Christianity

Remembering the Courage of Martin Luther

Today is Reformation Day. It was on this day in 1517 that Martin Luther nailed the “95 Theses” to the castle door at Wittenberg, Germany. Thus began a movement of which we are still feeling the effects today, some 491 years hence. Luther’s stand against the Roman Catholic Church was ostensibly about indulgences. But really, it was about the gospel—how sinners are justified before God on the basis of Christ’s redemptive work.

In every generation, the Christian church is called on to herald and to defend the gospel before a watching world. That is what Luther did, and that is what we must do as well. My favorite quote from Luther is also a call to arms, as it were, for preachers of the gospel.

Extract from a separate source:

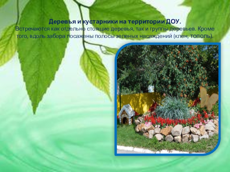 так и группы деревьев. Кроме того, вдоль забора посажены полосы зеленых насаждений (клен, тополь).
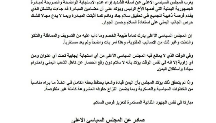 يعرب المجلس السياسي الاعلى عن أسفه الشديد إزاء عدم الاستجابة الواضحة والصريحة لمبادرة الجمهورية اليمنية التي قدمها الأخ الرئيس ويؤكد على أن مضامين المبادرة قد جاءت بالشكل الذي يقدم فرصة ذهبية للجميع في تحقيق سلام جاد ودائم كما أثبتت المبادرة وبما لا يدع مجالا للشك حرص الجانب اليمني على استعادة السلام وحسن الجوار.

“If I profess with the loudest voice and clearest exposition every portion of the Word of God except precisely that little point which the world and the devil are at that moment attacking, I am not confessing Christ, however boldly I may be professing Him. Where the battle rages there the loyalty of the soldier is proved; and to be steady on all the battle front besides, is mere flight and disgrace if he flinches at that point.”

-Luther’s Works. Weimar Edition. Briefwechsel [Correspondence], vol. 3, pp. 81f

I am grateful for Luther and his courage. May the Lord grant that we all be willing to lay it all on the line for the gospel like he did.